Two conversations in the past month have begun to alter my thinking about AMGF’s upcoming campaign. One was with Lorraine Stiehl, Consultant, Stiehlworks and Board Member, JDRF who is an advocate for people with diabetes and also works closely with organizations that promote patient empowerment, like diaTribe and Diabetes Hands. What struck me after talking with Ms. Stiehl was the tremendous yearning among patients for better conversations about the day-to-day existence living with diabetes. They look to their healthcare professionals for information, care, and support, yet many are not finding the current system responsive to their daily needs. So many are turning to social media in greater and greater numbers to address these unmet needs, especially emotional support.

I was also impressed by a conversation with Dr. Victor Montori, an endocrinologist who serves as director of late-stage translational research for the Mayo Clinic Center for Clinical and Translational Science. Dr. Montori is a leading proponent of minimally disruptive medicine (http://minimallydisruptivemedicine.org), an approach that seeks to advance patient goals for health, health care, and life. He emphasized the need for care teams to design interventions that respect the capacity of patients and caregivers, and systematically reduce the burden of treatment. Today’s diabetes care increasingly involves complex treatment regimens, yet these recommendations often ignore the tremendous burden this places on a patient with chronic conditions.

The question I now ponder is how we move the needle for populations of patients with diabetes, while honoring our patients’ personal needs, wishes, values, and capacity for change. We’ll want to promote systemic, standardized approaches to performance improvement because we know many patients with diabetes are not at optimal target range and are at risk for serious complications. At the same time however, we must continue to be vigilant in developing interventions that do not create undue burdens or unrealistic expectations for patients, care teams, or health systems.

Jerry Penso

Jerry Penso is Chief Medical and Quality Officer at American Medical Group Association

Debriefing the NIH Training Institute for Dissemination and Implementation Research in Health: what can minimally disruptive medicine contribute?

By Aaron Leppin

Just last week I had the privilege of attending the NIH’ 5th annual Training Institute for the Dissemination and Implementation of Research in Health (hyperlink). The objective of this program is to train and develop a cohort of researchers with expertise in promoting and evaluating processes that translate evidence into practice.

Consonant with an MDM-based approach to care, the desire of implementation science is to ensure that the safest and most effective care is delivered to patients reliably. Traditionally, this field has focused its efforts on overcoming the underuse of evidence-based interventions. We now realize, however, that many interventions are implemented in practice that are of low or no value. What has become increasingly clear to me in my own research, however, is that many interventions become less effective and/or fail to achieve their full impact as a result of the way they are implemented. This idea, termed “mis-implementation,” is related to but distinct from the misuse of medical interventions.
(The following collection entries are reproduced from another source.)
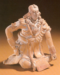 (A) Identify the following image. (A) What are some of the principal symbolic features of such a warrior? (C)What is this figure holding in his right hand, and what might it be used for? |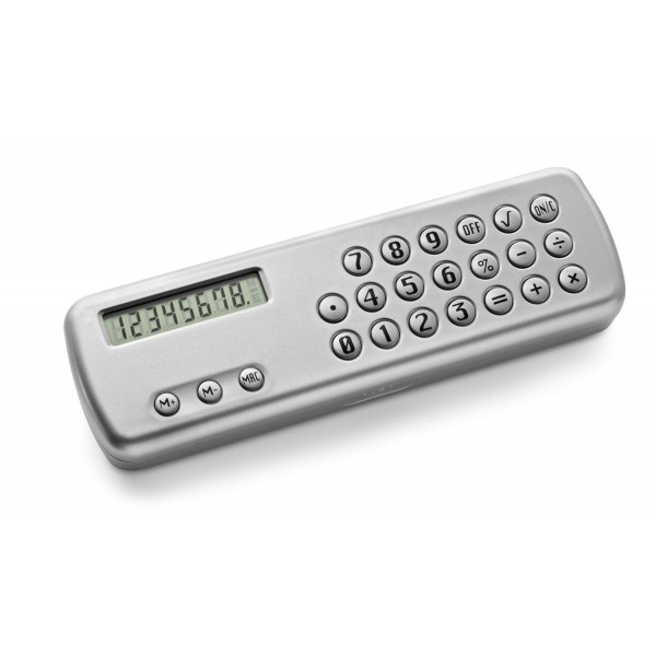 Cutie pixuri cu calculator 8 cifre din material plastic, dimensiuni 19,5x6,2x2,4 cm, greutate 20g.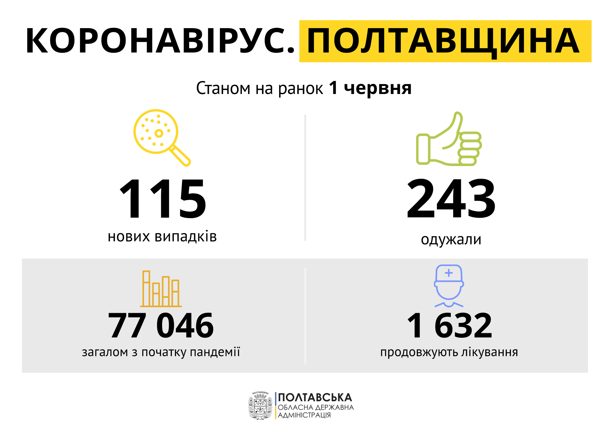 Полтавський обласний лабораторний центр МОЗ інформує, що станом на ранок 1 червня в області на COVID-19 хворіє 1632 громадянина, з яких у 115 коронавірус виявили за останню добу.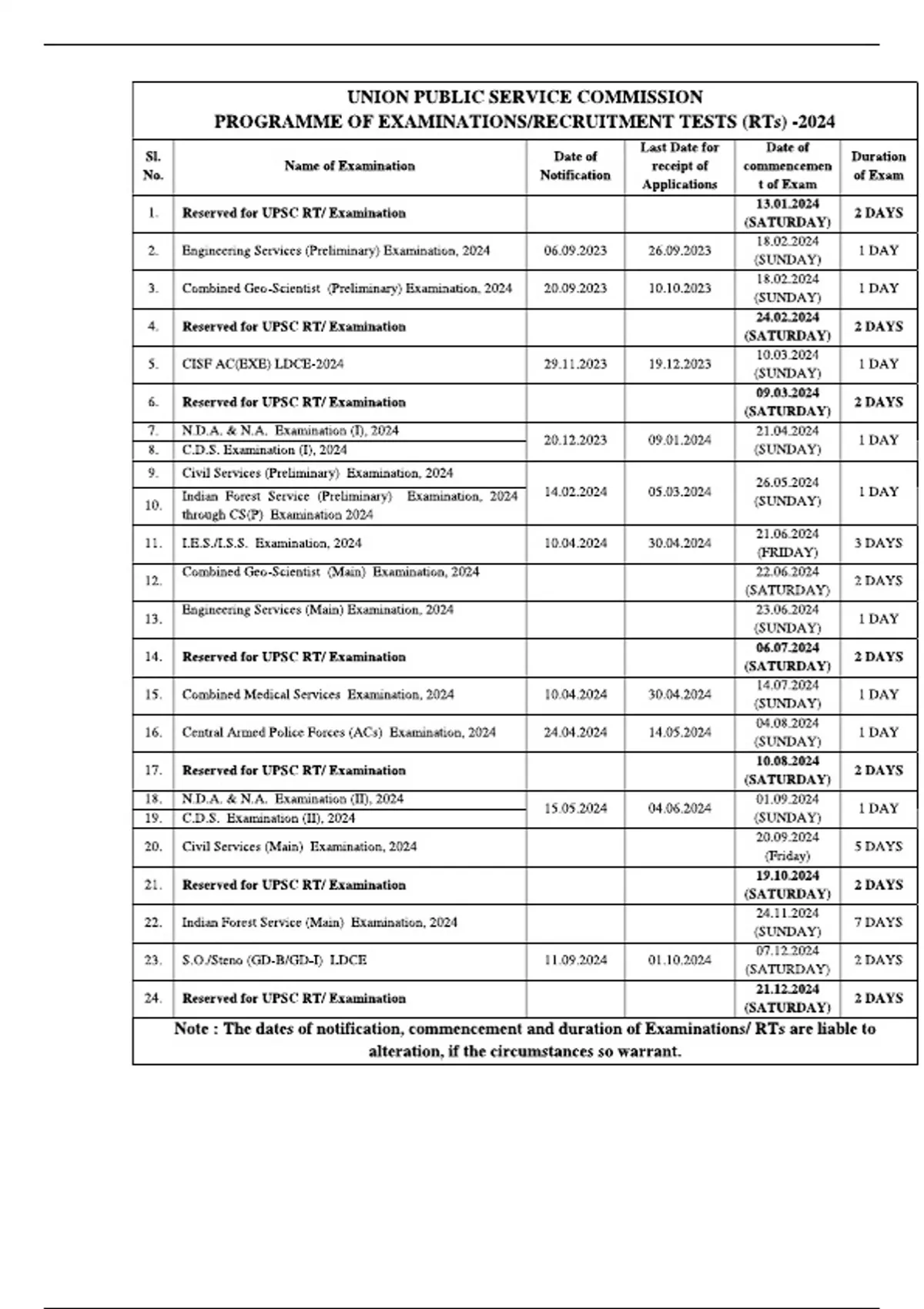 UPSC Exam Calendar- 2024

In 2014, Prasad and Ioannidis outlined the evidence-based rationale for “de-implementing” contradicted, unproven, and aspiring healthcare practices (Imp Sci. 2014; 9:1) (hyperlink). This paper has been well received by the implementation science community, yet no clear and actionable guidance exists for practice-based efforts to de-implement interventions or, for that matter, to avoid mis-implementation entirely.
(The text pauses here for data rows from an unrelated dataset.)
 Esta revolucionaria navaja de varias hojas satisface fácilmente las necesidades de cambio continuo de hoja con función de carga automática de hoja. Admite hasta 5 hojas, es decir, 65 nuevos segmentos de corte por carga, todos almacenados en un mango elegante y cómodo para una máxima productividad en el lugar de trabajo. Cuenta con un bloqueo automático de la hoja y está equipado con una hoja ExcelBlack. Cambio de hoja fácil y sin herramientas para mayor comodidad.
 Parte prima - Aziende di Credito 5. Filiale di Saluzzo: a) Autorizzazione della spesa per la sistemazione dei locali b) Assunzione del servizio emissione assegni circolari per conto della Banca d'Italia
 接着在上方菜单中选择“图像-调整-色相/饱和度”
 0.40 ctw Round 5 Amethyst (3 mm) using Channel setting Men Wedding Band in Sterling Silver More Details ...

I am struck by the collective capacity of the MDM community to guide this emerging science. How does our expertise in evidence-based medicine, over-medicalization, and implementation science coalesce in this space? I have my ideas but am interested in others. What are examples of mis-implementation that you have experienced? How were you able (or unable) to overcome these challenges? How have you de-implemented ineffective interventions?